War am Karfreitag in Cuxhaven. Die Angler hatten leider nur zwischen 0 und drei Heringen in ihren Eimern, als ich kam. Habe dann ca. 1 Stunde geangelt, in der ich nichts, und die übrigen ca. 30 Angler insgesamt keine 5 Heringe gefangen. Habe die Sache dann aufgegeben, und mir noch ein schönes Stündchen am Strand gegönnt (herrliches Wetter!) Vielleicht war die Angelstelle auch nicht die Beste, aber weil auch Angler mit Cux-Kennzeichen dort waren, dachte ich mir, dass die sicherlich nicht an den schlechtesten Ecken angeln. Somit habe ich auch nicht weiter nach anderen Angelstellen gesucht. Wo die Stelle sich genau in den unübersichtlichen Hafenanlagen befand, kann ich nicht sagen. Ein Gebäude mit dem Schriftzug "Hassmann + ..." o.ä. lag direkt anbei. Zwei Schiffe von der Küstenwache (Hamburg und Bargstedt glaube ich) lagen im Hafenbecken.

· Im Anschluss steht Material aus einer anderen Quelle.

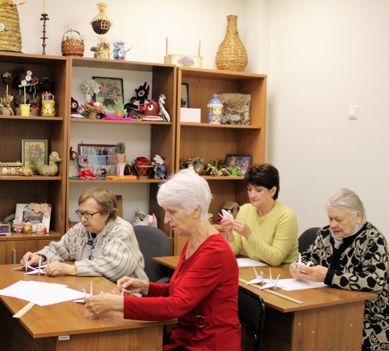 В преддверии «Праздника белых журавлей» активные получатели социальных услуг МБУ «Центр социального обслуживания населения Пролетарского района города Ростова-на-Дону» приобщились к традиции складывать бумажных журавликов в технике оригами. Мастерицы факультета «Умелые ручки» «Университета третьего возраста» без труда смастерили более десятка журавликов, ведь делали они это с особым трепетом и уважением. Чтобы сделать символ счастья своими руками, необязательно нужно родиться и вырасти в Японии - схему его создания может понять и воспроизвести каждый.
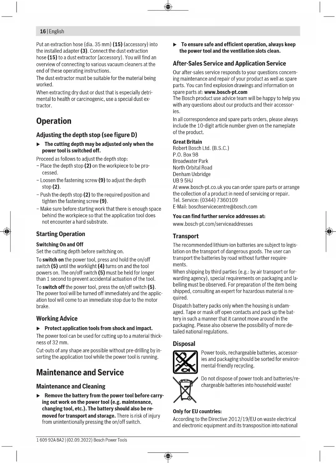 The vibration level and noise emission value given in these instructions have been measured in accordance with a standardised measuring procedure and may be used to com- pare power tools. They may also be used for a preliminary estimation of vibration and noise emissions. The stated vibration level and noise emission value repres- ent the main applications of the power tool. However, if the power tool is used for other applications, with different ap- plication tools or is poorly maintained, the vibration level and noise emission value may differ. This may significantly increase the vibration and noise emissions over the total working period. To estimate vibration and noise emissions accurately, the times when the tool is switched off or when it is running but not actually being used should also be taken into account. This may significantly reduce vibration and noise emissions over the total working period. Implement additional safety measures to protect the oper- ator from the effects of vibration, such as servicing the power tool and application tools, keeping their hands warm, and organising workflows correctly. Rechargeable battery Bosch sells some cordless power tools without a re- chargeable battery. You can tell whether a rechargeable bat- tery is included with the power tool by looking at the pack- aging. Charging the battery u Use only the chargers listed in the technical data. Only these chargers are matched to the lithium-ion battery of your power tool. Note: Lithium-ion rechargeable batteries are supplied par- tially charged according to international transport regula- tions. To ensure full rechargeable battery capacity, fully charge the rechargeable battery before using your tool for the first time. Inserting the Battery Push the charged battery into the battery holder until it clicks into place. Removing the Battery To remove the rechargeable battery, press the battery re- lease button and pull the battery out. Do not use force to do this. The rechargeablebattery has two locking levels to prevent the battery from falling out if the battery releasebutton is pressed unintentionally. The rechargeable battery is held in place by a spring when fitted in the power tool. Battery charge indicator The green LEDs on the battery charge indicator indicate the state of charge of the battery. For safety reasons, it is only possible to check the state of charge when the power tool is not in operation. Press the button for the battery charge indicator or to show the state of charge. This is also possible when the bat- tery is removed. If no LED lights up after pressing the button for the battery charge indicator, then the battery is defective and must be replaced. Battery model GBA 18V... LED Capacity 3× continuous green light 60–100% 2× continuous green light 30–60% 1× continuous green light 5–30% 1× flashing green light 0–5% Battery model ProCORE18V... LED Capacity 5 × continuous green light 80–100% 4 × continuous green light 60–80% 3 × continuous green light 40–60% 2 × continuous green light 20–40% 1 609 92A 8A2 | (02.09.2022) Bosch Power ToolsEnglish | 15 LED Capacity 1 × continuous green light 5–20% 1 × flashing green light 0–5% Recommendations for Optimal Handling of the Battery Protect the battery against moisture and water. Only store the battery within a temperature range of −20 to 50°C. Do not leave the battery in your car in the summer, for example. Occasionally clean the ventilation slots on the battery using a soft brush that is clean and dry. A significantly reduced operating time after charging indic- ates that the battery has deteriorated and must be replaced. Follow the instructions on correct disposal. Fitting u Remove the battery from the power tool before carry- ing out work on the power tool (e.g. maintenance, changing tool, etc.). The battery should also be re- moved for transport and storage. There is risk of injury from unintentionally pressing the on/off switch. Changing the tool u Wearing protective gloves is recommended for in- stalling and replacing application tools. Original application tools from the extensive range of Bosch accessories are available from your specialist dealer. Changing the collet (seefigureA) Remove the fastening screw(9) and remove the depth stop(2) together with the dust extraction adapter(3). Depending on the size of the application tool used, you must change the collet nut(12) with the collet(11) before use. If the right collet for your application is already installed, fol- low the work steps in the following section. The collet(11) must sit in the output shaft with a small amount of play. The collet nut(12) must be easy to fit. If the collet nut or collet is damaged, replace it immediately. Press and hold the spindle lock button(8). If necessary, turn the motor spindle manually until it is locked in place. Unscrew the collet nut(12) with the open-ended spanner(13) by turning in the direction of rotation ➊. Release the spindle lock button. If required, clean all the parts you want to fit with a soft brush or by blowing them clean with compressed air before assembling them. Place the new collet nut on the output shaft(14). Gently tighten the collet nut by turning in the direction of ro- tation ➋. u Never tighten the collet with the collet nut if no applic- ation tool is installed. The collet may otherwise become damaged. Insert the depth stop(2) together with the dust extraction adapter(3) into the power tool and secure with the fasten- ing screw(9). Inserting the application tool (see figureB) u Wearing protective gloves is recommended for in- stalling and replacing application tools. Application tools are available in a wide variety of designs and qualities depending on the intended application. Application tools with a guide tip are suitable for flush-cut- ting gypsum plasterboards. Application tools with a spiral groove are suitable for cutting OSB panels, chipboards, plywood, foam and plastics.

Das gute Wetter hat den Mißerfolg aber entschädigt, und vielleicht versuche ich es noch ein zweites Mal.

Gruß und Petri Heil!
Björn


----------



## Guen (3. April 2002)

Naja ,gutes Wetter hattest Du ja ,ist doch auch entspannend  !Hättest ja unseren Seehund noch besuchen können  !

Gruss Guen


----------